» TASK ITEM: Your answer must be the exact lines of the listing below that run from the line with "Rockband - AG" to the line with "相手の同意なしで抱きつく", ends included, and no pictures.

» EXERCISE INPUT:
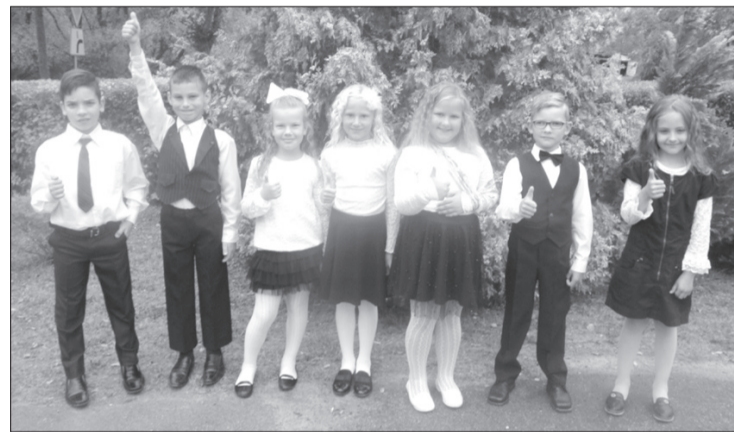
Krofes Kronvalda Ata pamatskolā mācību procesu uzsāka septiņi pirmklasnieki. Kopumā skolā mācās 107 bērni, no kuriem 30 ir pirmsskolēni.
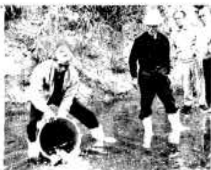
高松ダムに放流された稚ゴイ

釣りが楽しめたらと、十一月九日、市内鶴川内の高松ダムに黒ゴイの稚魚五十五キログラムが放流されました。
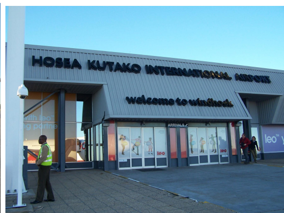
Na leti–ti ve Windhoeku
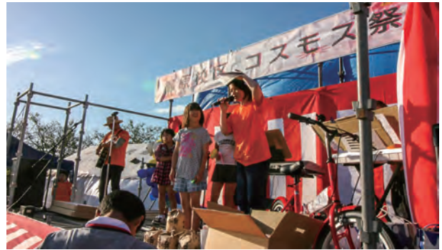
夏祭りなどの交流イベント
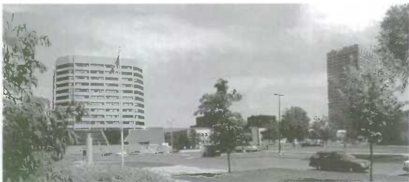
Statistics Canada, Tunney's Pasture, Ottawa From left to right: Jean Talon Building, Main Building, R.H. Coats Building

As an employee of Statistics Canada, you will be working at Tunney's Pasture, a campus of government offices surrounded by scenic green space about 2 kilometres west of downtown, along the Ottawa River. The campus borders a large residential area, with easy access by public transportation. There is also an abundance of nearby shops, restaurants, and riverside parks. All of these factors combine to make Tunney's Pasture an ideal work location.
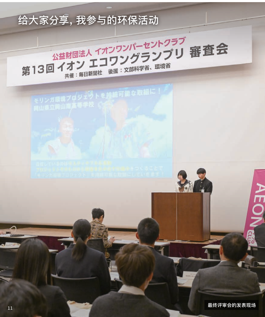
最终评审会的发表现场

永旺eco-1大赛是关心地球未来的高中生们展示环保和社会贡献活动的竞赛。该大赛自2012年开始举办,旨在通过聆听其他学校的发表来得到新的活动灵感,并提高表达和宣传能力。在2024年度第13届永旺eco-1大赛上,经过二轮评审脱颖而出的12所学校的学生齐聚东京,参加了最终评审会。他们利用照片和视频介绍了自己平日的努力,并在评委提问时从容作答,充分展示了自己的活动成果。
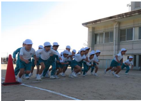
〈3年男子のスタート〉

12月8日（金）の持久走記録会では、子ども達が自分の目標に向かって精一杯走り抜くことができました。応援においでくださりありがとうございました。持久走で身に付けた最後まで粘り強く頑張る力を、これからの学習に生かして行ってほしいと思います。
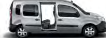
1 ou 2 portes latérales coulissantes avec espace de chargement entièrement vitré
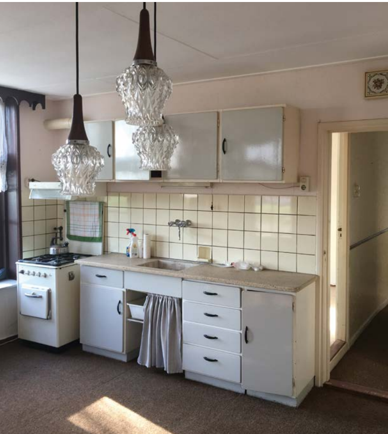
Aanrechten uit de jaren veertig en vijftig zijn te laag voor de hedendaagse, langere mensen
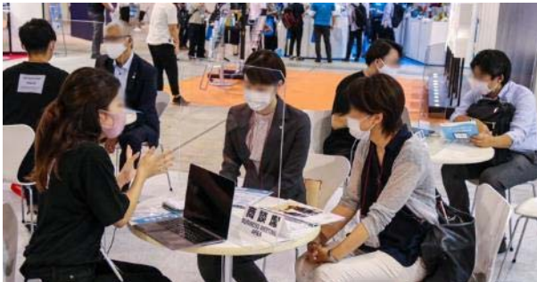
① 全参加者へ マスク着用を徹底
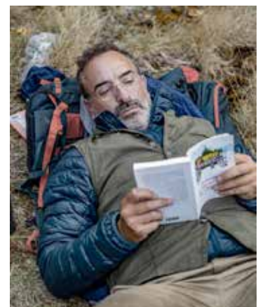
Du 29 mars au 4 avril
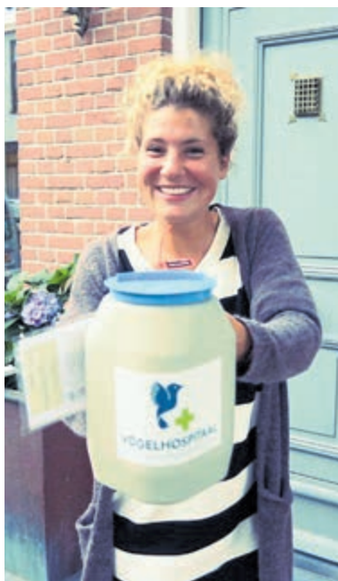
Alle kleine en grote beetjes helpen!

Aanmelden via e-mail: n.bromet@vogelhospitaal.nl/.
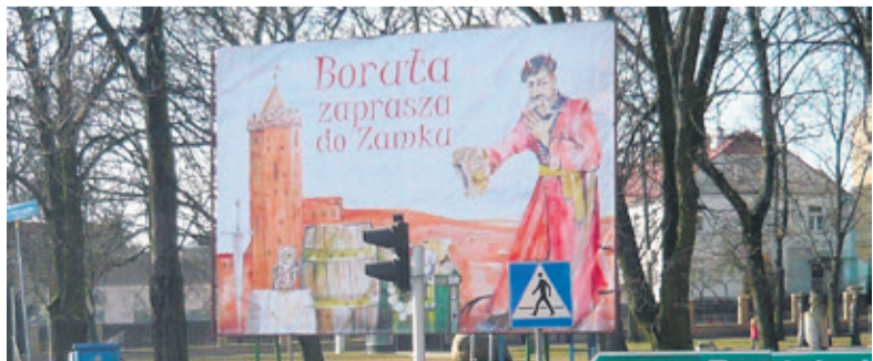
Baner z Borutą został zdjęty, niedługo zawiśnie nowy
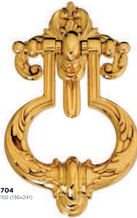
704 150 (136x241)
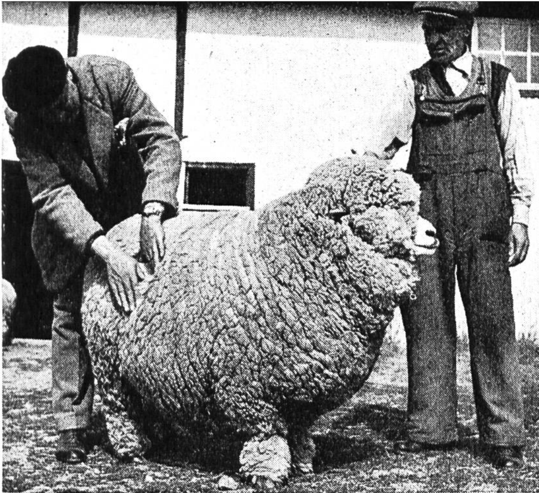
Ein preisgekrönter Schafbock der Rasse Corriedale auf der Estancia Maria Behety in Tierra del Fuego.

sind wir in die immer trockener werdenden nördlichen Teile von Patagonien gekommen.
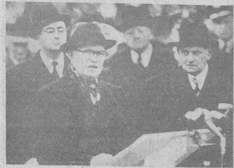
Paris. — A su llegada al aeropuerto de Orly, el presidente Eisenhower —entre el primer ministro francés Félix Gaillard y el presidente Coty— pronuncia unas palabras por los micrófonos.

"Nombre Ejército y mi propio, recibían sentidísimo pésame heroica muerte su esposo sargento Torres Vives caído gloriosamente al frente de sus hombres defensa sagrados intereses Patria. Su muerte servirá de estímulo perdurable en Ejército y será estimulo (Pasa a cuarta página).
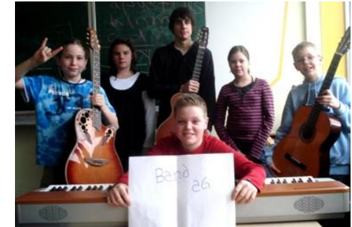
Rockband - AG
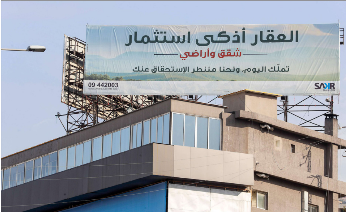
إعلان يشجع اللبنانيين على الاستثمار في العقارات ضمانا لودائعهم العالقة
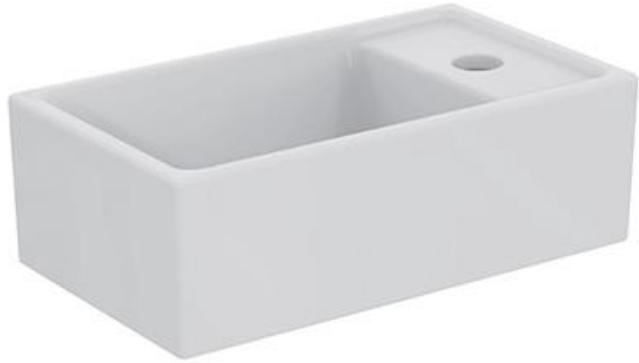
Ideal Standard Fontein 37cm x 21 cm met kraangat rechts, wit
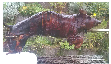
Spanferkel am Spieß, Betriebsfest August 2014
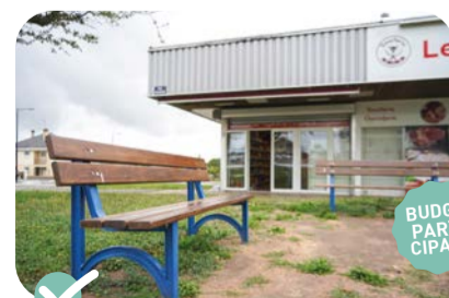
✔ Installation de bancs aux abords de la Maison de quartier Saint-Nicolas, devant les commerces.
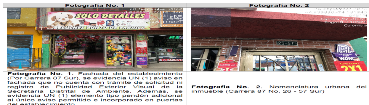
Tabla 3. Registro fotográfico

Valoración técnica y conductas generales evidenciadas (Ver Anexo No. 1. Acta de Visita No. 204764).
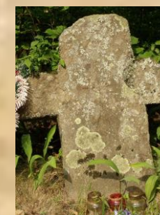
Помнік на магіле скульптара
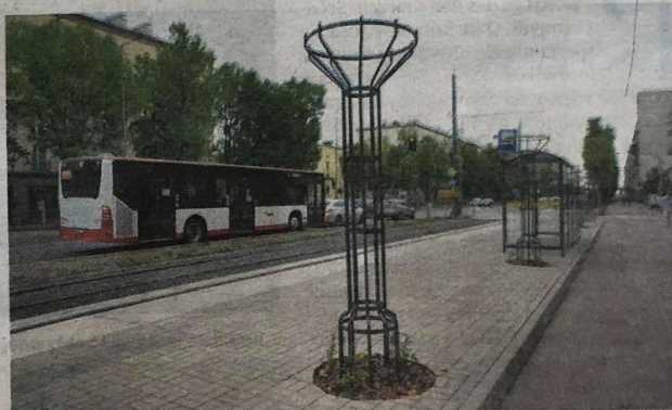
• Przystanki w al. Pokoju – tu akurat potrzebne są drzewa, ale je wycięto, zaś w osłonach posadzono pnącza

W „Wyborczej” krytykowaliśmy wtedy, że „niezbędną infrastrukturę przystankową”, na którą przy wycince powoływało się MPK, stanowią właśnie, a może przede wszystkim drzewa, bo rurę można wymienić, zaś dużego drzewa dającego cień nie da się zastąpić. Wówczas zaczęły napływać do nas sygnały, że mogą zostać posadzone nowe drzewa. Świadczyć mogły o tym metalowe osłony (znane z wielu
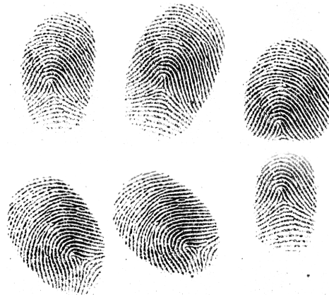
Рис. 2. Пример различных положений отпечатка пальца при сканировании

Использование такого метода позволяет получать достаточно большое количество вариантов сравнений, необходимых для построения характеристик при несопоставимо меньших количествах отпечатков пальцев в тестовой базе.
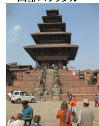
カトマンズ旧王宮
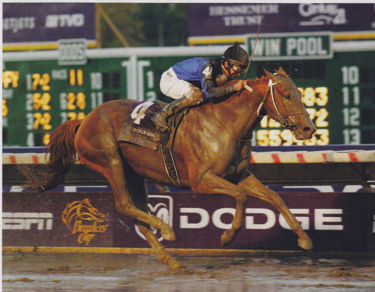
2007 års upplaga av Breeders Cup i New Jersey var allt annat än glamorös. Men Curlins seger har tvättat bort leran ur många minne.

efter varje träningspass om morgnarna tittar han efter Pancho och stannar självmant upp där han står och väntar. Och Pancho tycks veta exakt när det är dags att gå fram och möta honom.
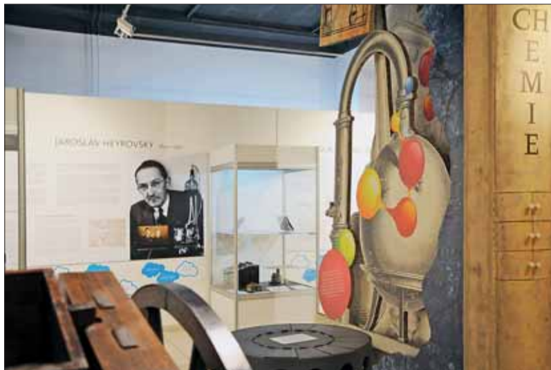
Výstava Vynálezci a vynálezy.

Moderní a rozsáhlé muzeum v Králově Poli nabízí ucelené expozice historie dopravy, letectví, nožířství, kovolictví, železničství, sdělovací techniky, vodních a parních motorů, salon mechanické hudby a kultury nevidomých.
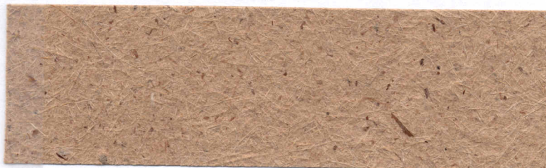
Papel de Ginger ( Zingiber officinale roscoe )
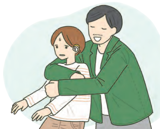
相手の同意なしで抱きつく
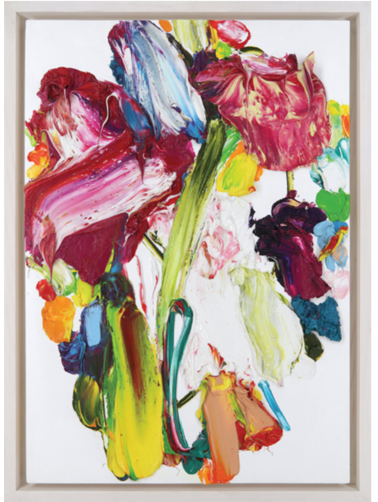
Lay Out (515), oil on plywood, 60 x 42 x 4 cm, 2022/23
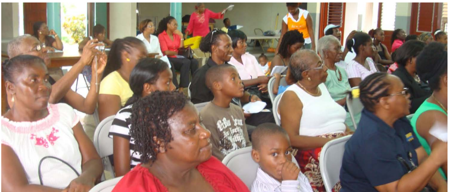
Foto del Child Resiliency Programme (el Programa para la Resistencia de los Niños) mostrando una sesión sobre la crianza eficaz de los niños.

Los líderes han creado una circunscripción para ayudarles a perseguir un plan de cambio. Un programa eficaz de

» EXERCISE SOLUTION:
Rockband - AG
إعلان يشجع اللبنانيين على الاستثمار في العقارات ضمانا لودائعهم العالقة
Ideal Standard Fontein 37cm x 21 cm met kraangat rechts, wit
Spanferkel am Spieß, Betriebsfest August 2014
✔ Installation de bancs aux abords de la Maison de quartier Saint-Nicolas, devant les commerces.
Tabla 3. Registro fotográfico

Valoración técnica y conductas generales evidenciadas (Ver Anexo No. 1. Acta de Visita No. 204764).
Помнік на магіле скульптара
• Przystanki w al. Pokoju – tu akurat potrzebne są drzewa, ale je wycięto, zaś w osłonach posadzono pnącza

W „Wyborczej” krytykowaliśmy wtedy, że „niezbędną infrastrukturę przystankową”, na którą przy wycince powoływało się MPK, stanowią właśnie, a może przede wszystkim drzewa, bo rurę można wymienić, zaś dużego drzewa dającego cień nie da się zastąpić. Wówczas zaczęły napływać do nas sygnały, że mogą zostać posadzone nowe drzewa. Świadczyć mogły o tym metalowe osłony (znane z wielu
Рис. 2. Пример различных положений отпечатка пальца при сканировании

Использование такого метода позволяет получать достаточно большое количество вариантов сравнений, необходимых для построения характеристик при несопоставимо меньших количествах отпечатков пальцев в тестовой базе.
カトマンズ旧王宮
2007 års upplaga av Breeders Cup i New Jersey var allt annat än glamorös. Men Curlins seger har tvättat bort leran ur många minne.

efter varje träningspass om morgnarna tittar han efter Pancho och stannar självmant upp där han står och väntar. Och Pancho tycks veta exakt när det är dags att gå fram och möta honom.
Výstava Vynálezci a vynálezy.

Moderní a rozsáhlé muzeum v Králově Poli nabízí ucelené expozice historie dopravy, letectví, nožířství, kovolictví, železničství, sdělovací techniky, vodních a parních motorů, salon mechanické hudby a kultury nevidomých.
Papel de Ginger ( Zingiber officinale roscoe )
相手の同意なしで抱きつく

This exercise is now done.